What did this implementation teach us? We confirmed our observation, coming from several previous e-commerce implementations for clients, that creating an online store is only the last element of the project and not the most important one. Building requirements for e-commerce (defining goals and metrics) and interactions of e-commerce with the company’s core business is the foundation of success.

We also paid attention to the way we conducted the project. We worked in weekly sprints, starting each of the cooperation periods with planning activities for the next sprint, we assigned personal responsibility for their execution and we made summaries in the form of project meetings and lessons learned. We used a kanban board (Planner from the Office365 package) and Teams channels to manage communication in the project. We also built an executive schedule in MS Project that we updated every week and managed by means of deviations from the baseline plan.

We also kept and regularly updated the risk register, introducing appropriate preventive and minimizing actions.
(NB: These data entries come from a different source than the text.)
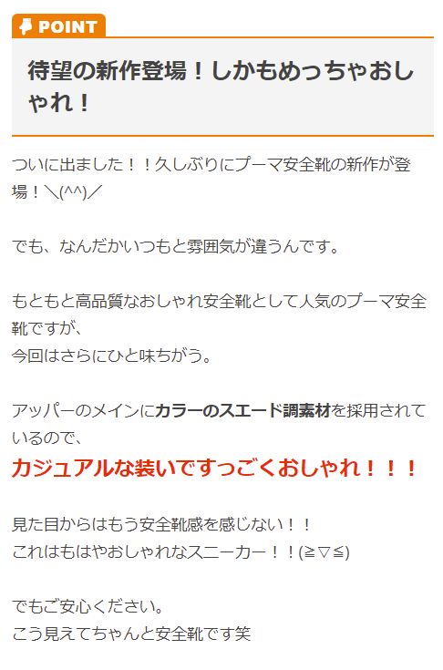 | 特徴 | スタイルを選ばない新しいプーマ安全靴、登場! プーマらしいカラーと性別を問わず履ける豊富なサイズ展開。 スエード調のカジュアルデザインでワークやアウトドアからプライベートまで 様々なシーンで履けるプーマの新しい安全靴。 ☆グラスファイバートゥーキャップ グラスファイバーで強化した新開発の合成樹脂先芯 一般的なスチール先芯より軽く、帯磁性と断熱性を兼ね備えている ☆アーチサポートインソール 土踏まず部分をサポートするフィット感抜群のアーチサポート設計 ☆新開発アウトソール 独自の溝パターンが靴全体の柔軟性を高め、作業環境下やウェットな状況下で効力を発揮 ☆静電気帯電防止 人体に帯電した静電気を靴底から逃がす ☆衝撃吸収 かかとへの負担を減少させ、長時間履いていても疲れにくい ☆豊富なカラーとサイズ展開 ワーク・アウトドア・プライベート、様々なシーンで性別を問わず足元を彩るアイテム 自分色で楽しもう! |
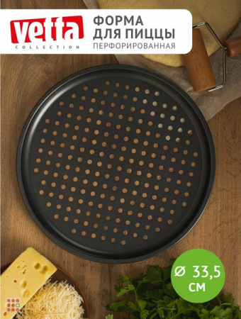 Форма для пиццы перфорированная, диаметром 33,5 см и высотой бортика 1 см изготовлена из углеродистой стали, с 2-х слойным антипригарным покрытием серого цвета изнутри и снаружи предназначена для использования в духовых шкафах.
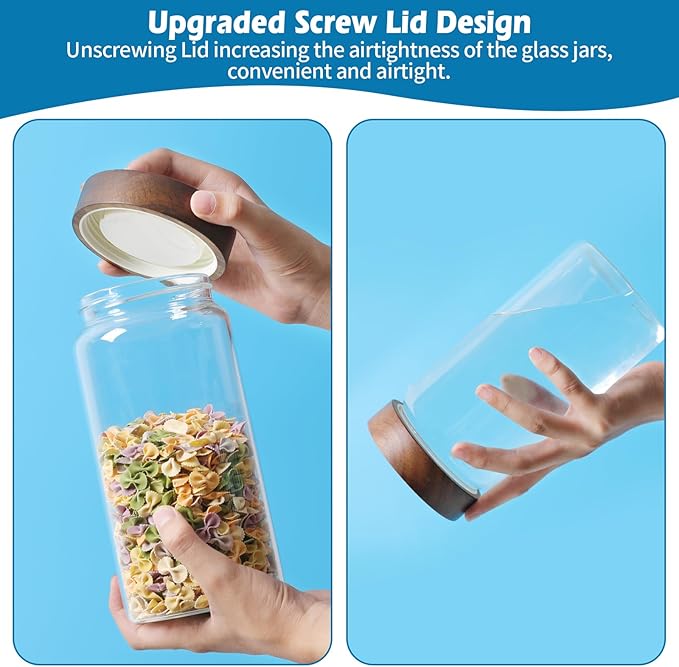 - 【WIDE APPLICATIONS】Glass canning jars storage are suitable for storing various dried ingredients to retain their freshness.Glass jars with wood lids perfect for storing dry food , such as,cookies,dried beans,liquid,pepper,oatmeal,jams,chutneys, rice, flour, tea, coffee, biscuits, candy,cheese,flour, sugar, seeds,etc. Keep your kitchen tidy and safe,saving space and convenient .
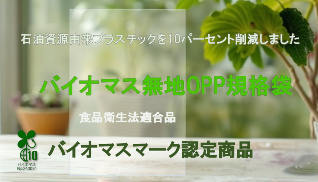 CO2削減バイオマス原料を配合したOPP規格袋です。
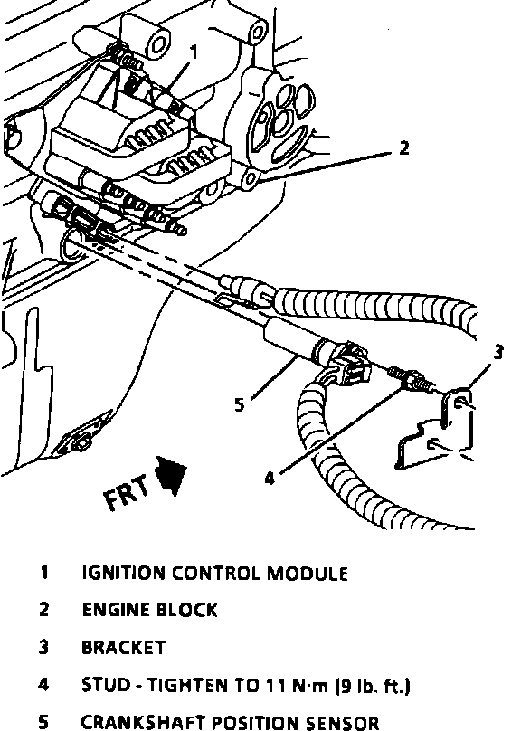 The crankshaft position sensor is mounted in the engine block, rear of engine, near coil pack.
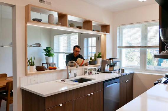 To achieve the client’s goal of potentially separating this level from the main house, an electrical kitchen and sink were added along the corridor, maximizing functionality within a limited footprint.
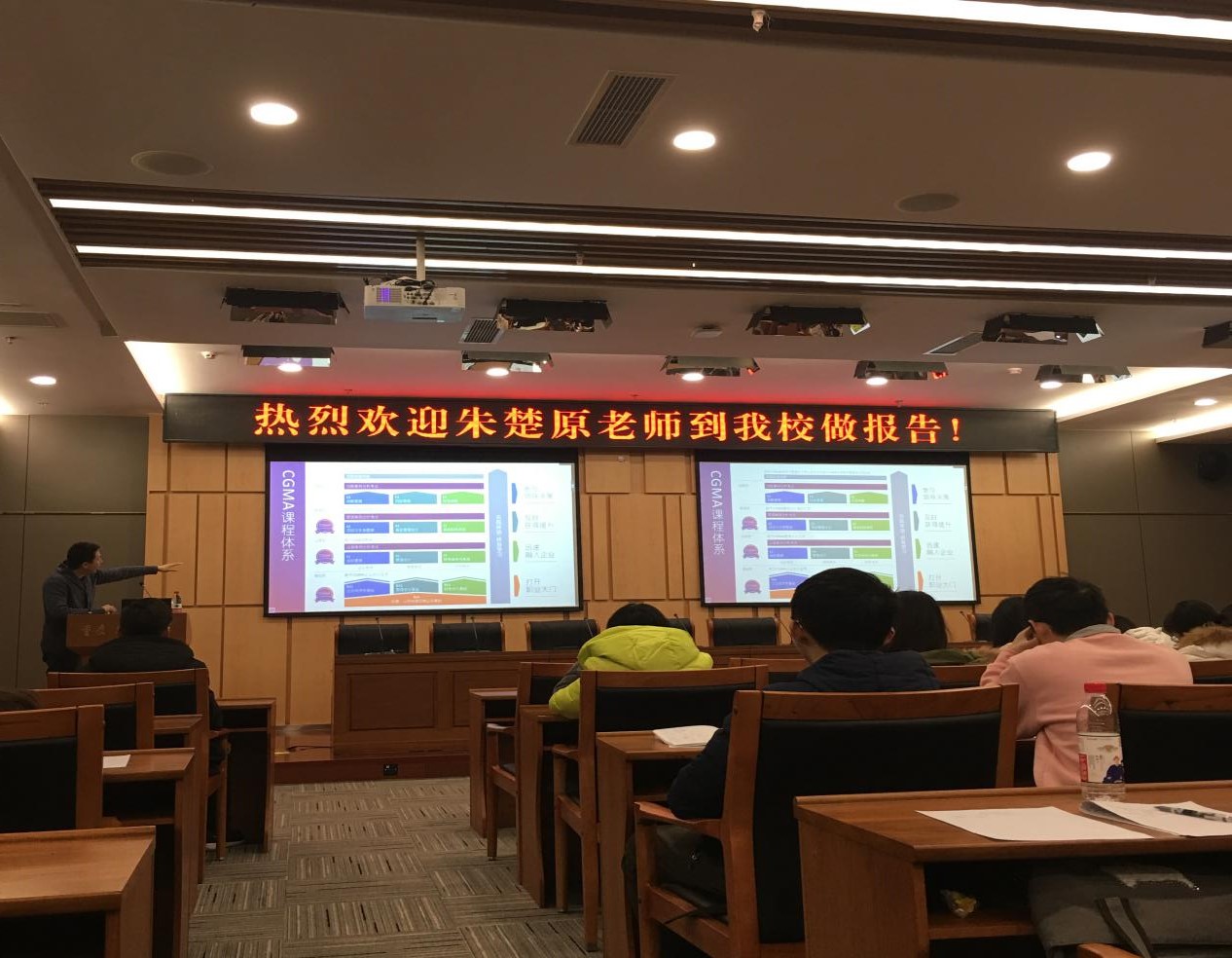 12月18日上午9:30,OK138太阳集团MPAcc中心在图书馆一楼会议室召开“会计硕士与CIMA”讲座。本次讲座的主讲人是CIMA英国皇家管理会计师公会华中区区域经理朱楚原老师。MPAcc中心主任钟廷勇老师和刘念老师以及2018级MPAcc全体学生听取了本次讲座。
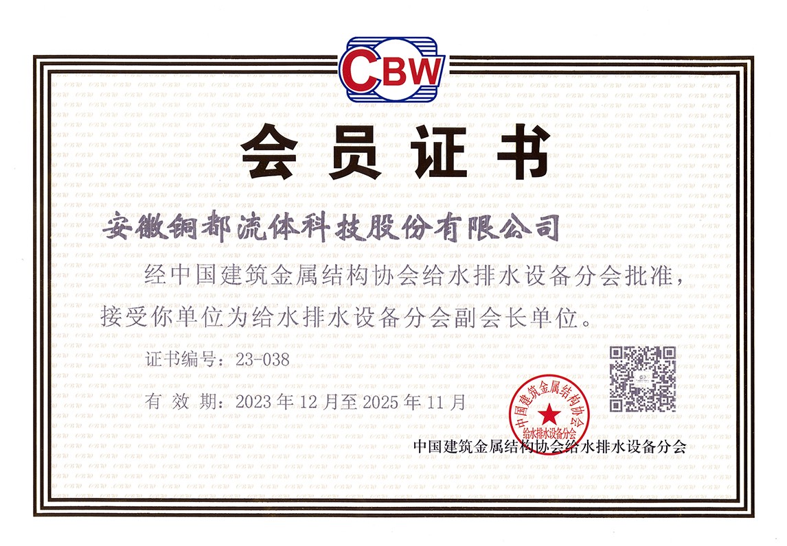 中國建筑金屬結構協(xié)會給水排水設備分會副會長單位
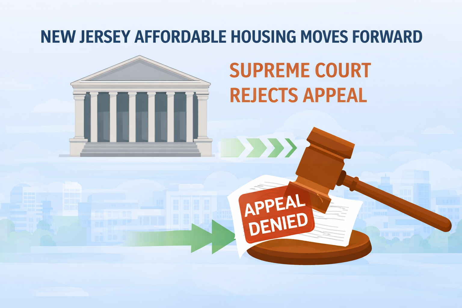 With the Supreme Court declining review, no further federal challenges remain pending, and New Jersey’s new affordable housing framework continues moving forward toward 2026 statutory deadlines for final municipal plan adoption.
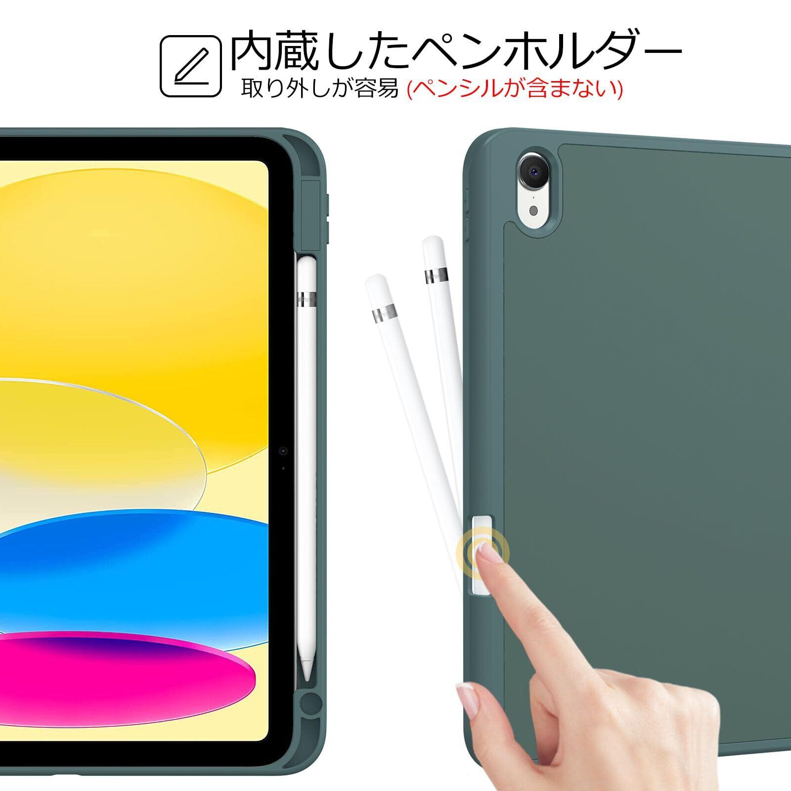ProCase iPad 10世代 ケース 2022 10.9インチ A2696 A2757 A2777 ペン収納 弾性のあるTPUバック 耐衝撃 三つ折り スタンド スマートカバー(グリーン)
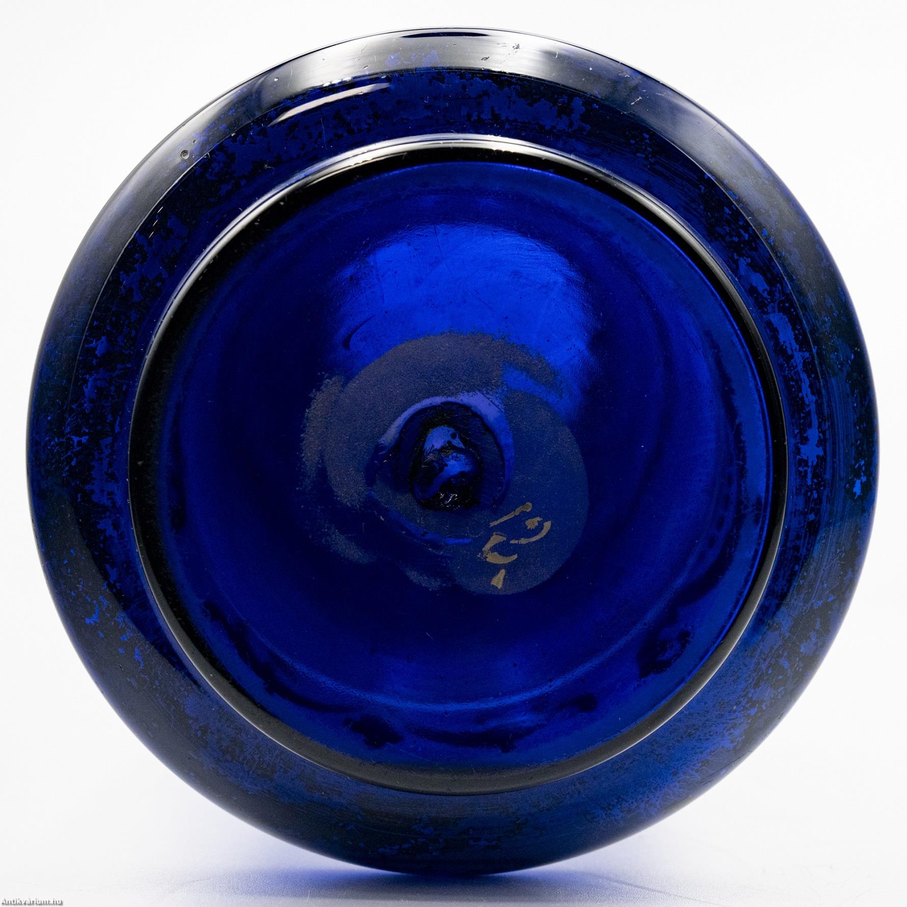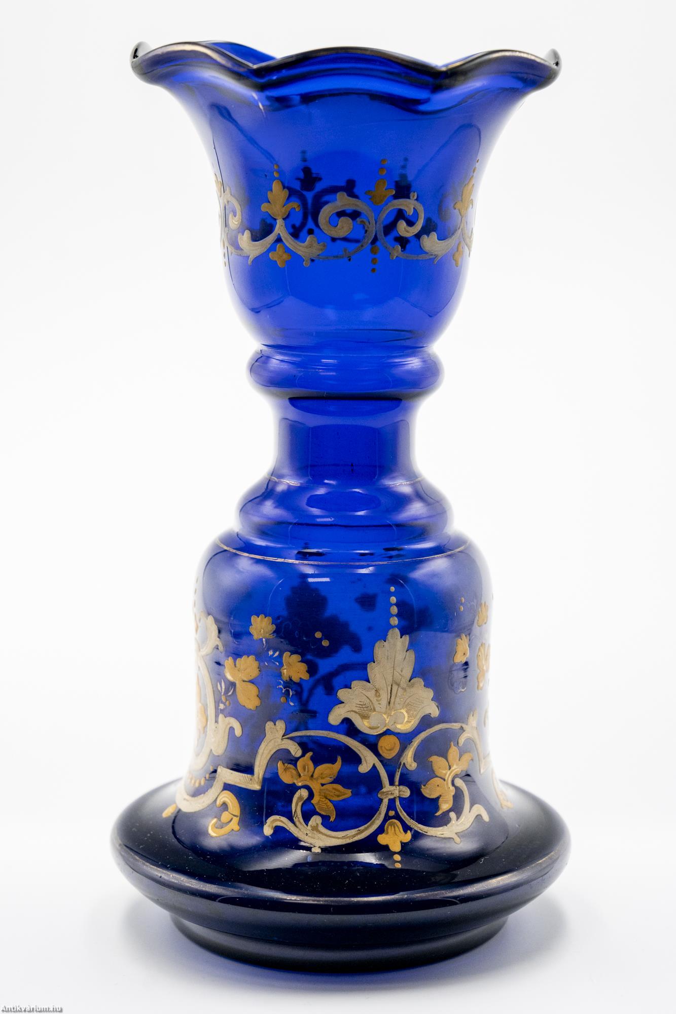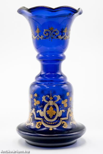 Hibátlan állapotú, fújt és kézzel formázott biedermeier festett üveg váza a 19. század közepéből. A biedermeier kor hangulatát és annak művészi kifejeződését minden részletében és jellegzetességében megjelenítő alkotás. Kobaltkék színű felületét részletgazdag domború, kézzel festett aranyszínű mintázat fedi, amely füzér és növényornamentikai formákat ábrázol. Különlegességét a középen összeszűkülő, tagolt formája adja, amely szinte két egyforma részre osztja az üveg vázát. Talprésze és fodros pereme kiszélesedik, erősítve a felső és alsó rész szimmetriáját. Talpán a fújás helye látható. Korát és dekor mintázatát tekintve ritka, gyűjtői darab.
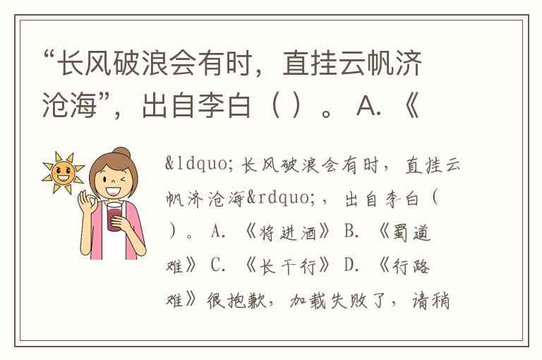 “长风破浪会有时,直挂云帆济沧海”,出自李白( )。 A. 《将进酒》 B. 《蜀道难》 C. 《长干行》 D. 《行路难》
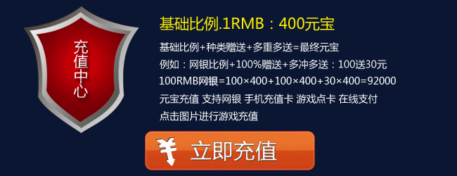温馨提示:充值前请确认账号,您所在的游戏战区,因神州行,游戏充值点卡充值 游戏下发网关稍缓慢,请玩家确认充值后,如没有获得元宝
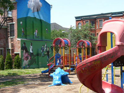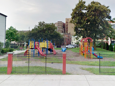 A neighborhood park provided with a small playground, tricycle track and a shaded picnic area and fitted out with a brick pier ornamental fence, seating and lights.

We also put a lot of care and attention into the mood in the team – despite the high time pressure and the inevitability of conflicts appearing in such a large transformation project, the quality of cooperation between people involved in the project was improving from sprint to sprint.

We finished the project a month before the planned date, delivering all the expected functionalities. Thanks to that, we were invited to continue cooperation in the area of merge, production relocation, R&D development and implementation of the tailor-made mentoring program for future project managers in the company.

We are currently running three more e-commerce implementations for clients. The conclusions we draw from these implementations are almost identical as those observed in Herbapol Poznań. It is easy to build an online store, just as it is easy to implement a CRM system. It is important, however, that it is not “dead” or empty – so we encourage readers to devote enough time to preparatory and analytical work before you start building tools.

A valuable lesson 

As a conclusion, this e-commerce implementation has provided us with valuable lessons and insights that are not only applicable to future projects, but also contribute to a broader understanding of effective project management and e-commerce strategy. It puts emphasis on the importance of thorough planning, effective project management, proactive risk management, positive team dynamics, and continuous learning and improvement. These are all critical factors that can significantly influence the success of an e-commerce implementation and, ultimately, the company’s business performance.